Pipeline Recipies

A set of basic pipeline structure recipies for common use cases.

The following are a basic set of pipeline recipes for doing typical tasks in Stroom. Is it not an exhaustive list as the possibilities with Pipelines are vast. They are intended as a rough guide to get you started with building Pipelines.

Data Ingest and Transformation

CSV to Normalised XML

  1. CSV data is ingested.
  2. The Data Splitter parser parses the records and fields into records format XML using an XML based TextConverter document.
  3. The first XSLTFilter is used to normalise the events in records XML into event-logging XML.
  4. The second XSLTFilter is used to decorate the events with additional data, e.g. <UserDetails> using reference data lookups.
  5. The SchemaFilter ensures that the XML output by the stages of XSLT transformation conforms to the event-logging XMLSchema.
  6. The XML events are then written out as an Event Stream to the Stream store.

Configured Content

  • Data Splitter - A TextConverter containing XML conforming to data-splitter:3.
  • Normalise - An XSLT transforming records:2 => event-logging:3.
  • Decorate - An XSLT transforming event-logging:3 => event-logging:3.
  • SchemaFilter - XMLSchema event-logging:3

JSON to Normalised XML

The same as ingesting CSV data above, except the input JSON is converted into an XML representation of the JSON by the JSONParser.

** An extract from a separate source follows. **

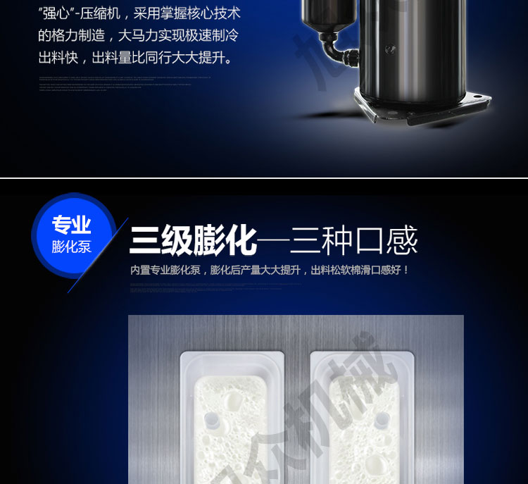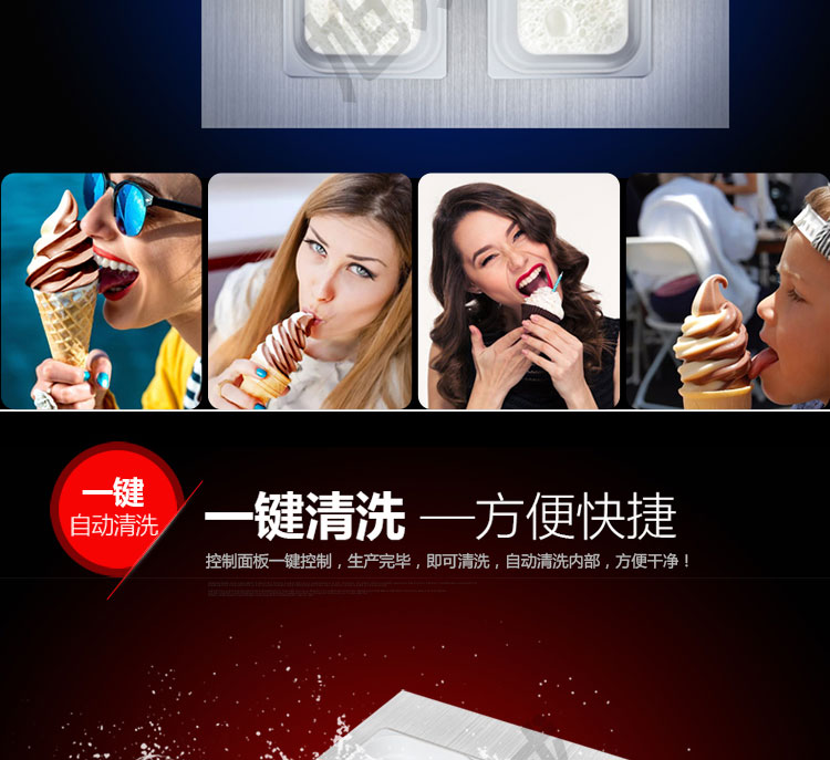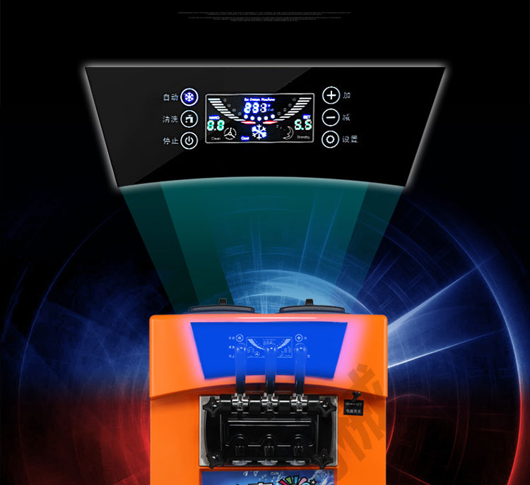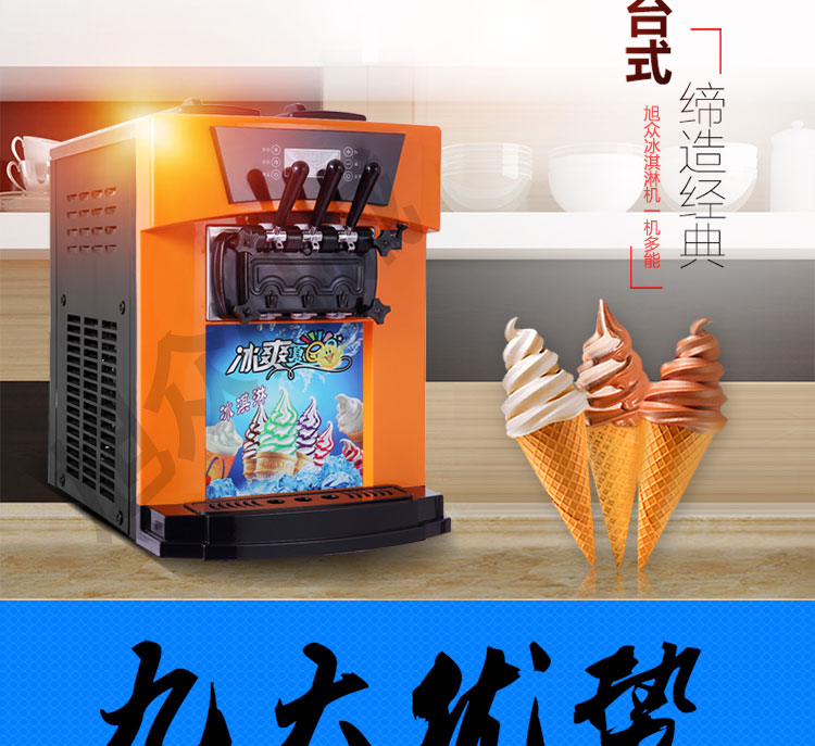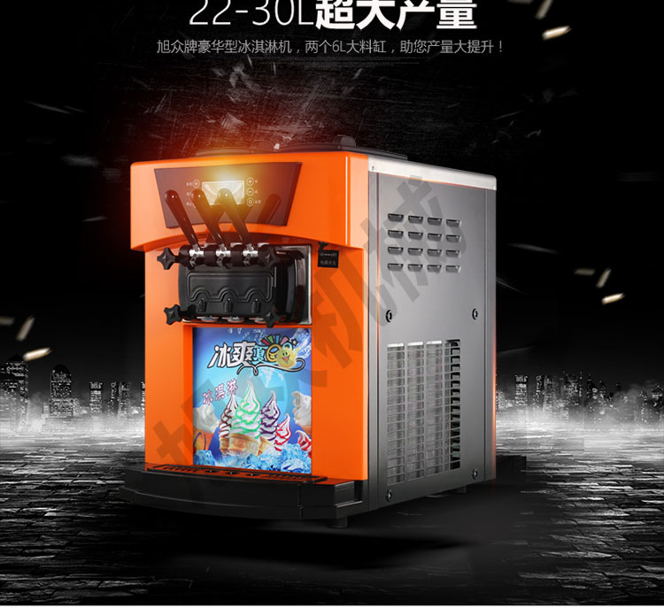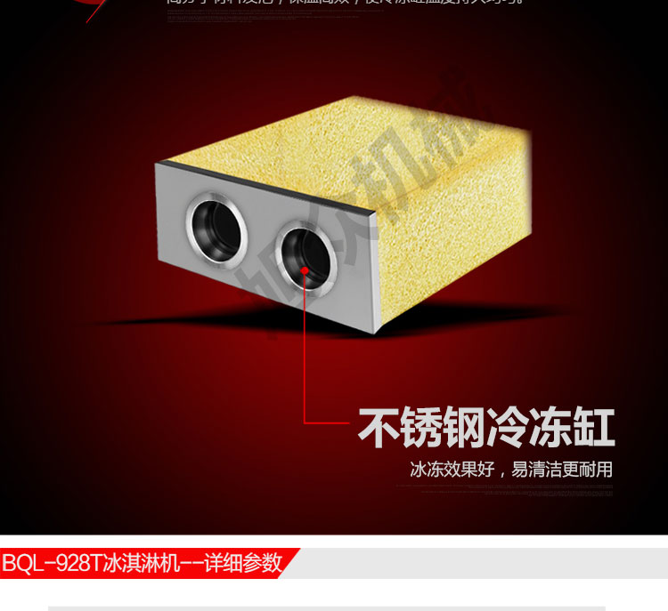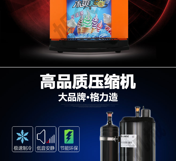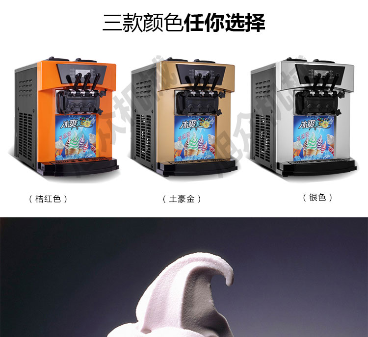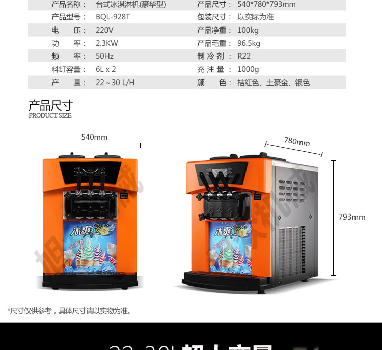 名稱BQL-928T冰淇淋機 電源220V 功率2.3kw 產量20-30L/h 尺寸540×780×793mm 重量96.5kg 規格 其他顏色:銀色,桔色,土豪金

The Normalise XSLTFilter will be specific to the format of the JSON being ingested. The Decorate) XSLTFilter will likely be identical to that used for the CSV ingest above, demonstrating reuse of pipeline element content.

Configured Content

  • Normalise - An XSLT transforming http://www.w3.org/2013/XSL/json => event-logging:3.
  • Decorate - An XSLT transforming event-logging:3 => event-logging:3.
  • SchemaFilter - XMLSchema event-logging:3

XML (not event-logging) to Normalised XML

As above except that the input data is already XML, though not in event-logging format. The XMLParser simply reads the XML character data and converts it to XML SAX events for processing. The Normalise XSLTFilter will be specific to the format of this XML and will transform it into event-logging format.

Configured Content

  • Normalise - An XSLT transforming a 3rd party schema => event-logging:3.
  • Decorate - An XSLT transforming event-logging:3 => event-logging:3.
  • SchemaFilter - XMLSchema event-logging:3

XML (event-logging) to Normalised XML

As above except that the input data is already in event-logging XML format, so no normalisation is required. Decoration is still needed though.

Configured Content

XML Fragments to Normalised XML

XML Fragments are where the input data looks like:

<Event>
  ...
</Event>
<Event>
  ...
</Event>

In other words, it is technically badly formed XML as it has no root element or declaration. This format is however easier for client systems to send as they can send multiple <Event> blocks in one stream (e.g. just appending them together in a rolled log file) but don’t need to wrap them with an outer <Events> element.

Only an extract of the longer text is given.